Hi, i'm implementing rope for my game. and i found this great article, i have a question is there any way to hang an object on the rope and cut the rope?

Doing both of these should be pretty easy.

You can "hang" an object just by making it follow the end position, but you probably want to give it some weight too, which you can achieve by applying some multiplier to make it move less at the integration step.

To "cut" the rope, you'd probably want to just spawn another rope at the same initial position and copy the prev values over to give it the same initial velocity. Don't forget to also remove the nodes from the initial rope.

Detecting a cut depends on how you're going to be doing it, but you'll probably have to iterate over every node and check some condition -- e.g. find the closest node to the scissors.

Yes thank you, I thought so too at first but I wonder if there is any other way?.

I'll probably implement it first then think about it later.

Tivium commented 1 year ago

Hey, it's an amazing blog post. I am making a game and I want to make the rope not stretch after some length but I couldn't figure out the solution. I've tried some ways like

If you're asking how to stop/limit the rope from stretching past its limit, you probably have to get a bit creative with your usage code and how you handle moving the rope. An option here is manually measuring how long the rope should be and then restricting mouse movement past that length.

but it always ended up being messed up because I am not a very good programmer. Is there any way to implement this?

Toqozz commented 1 year ago

Hey, it's an amazing blog post. I am making a game and I want to make the rope not stretch after some length but I couldn't figure out the solution.

I've tried some ways like

If you're asking how to stop/limit the rope from stretching past its limit, you probably have to get a bit creative with your usage code and how you handle moving the rope. An option here is manually measuring how long the rope should be and then restricting mouse movement past that length.

but it always ended up being messed up because I am not a very good programmer. Is there any way to implement this?

To elaborate on the solution I was describing there:

Basically, measure the current length of the rope by adding the distance of each node together.

If the current length is >= the desired length, don't let whatever is stretching the rope stretch anymore.

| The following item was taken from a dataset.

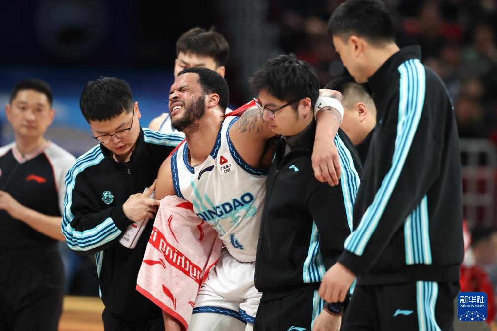 4月14日,青島嶗山啤酒隊球員韋瑟斯龐(中)在比賽中受傷后被攙扶下場。新華社記者 張晨 攝
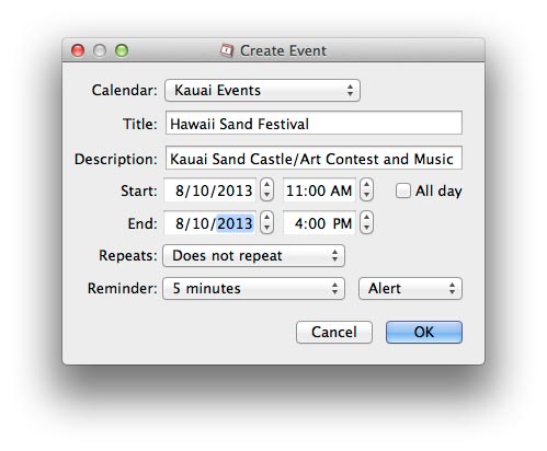 In the TinyCal window, today’s date is circled. In addition, if there are any events occurring today, they are reflected in the menu bar icon. In the following screenshot, the blue triangle in the lower right indicates that there is an event today.

It's an OK solution but doesn't really feel very robust, does it? Looking back on this now you might be better off just running a final pass over the rope after the simulation finishes:

  1. Get the current length like above.
  2. Get the percentage the rope needs to shorten by to match the desired length: desiredLen / currentLen.
  3. Move each node towards its previous node by that percentage. You should end up with a rope of the desired length, with the end shortened.

I'm not sure how well it will work in practice, but there's the two options I see for implementing it.

Toqozz commented 1 year ago

Just came across this today: https://www.gamedeveloper.com/programming/the-secrets-of-cloth-simulation-in-i-alan-wake-i-

Seems like in industry a few techniques are used to counteract the stretchiness of verlet things and make it a bit more robust.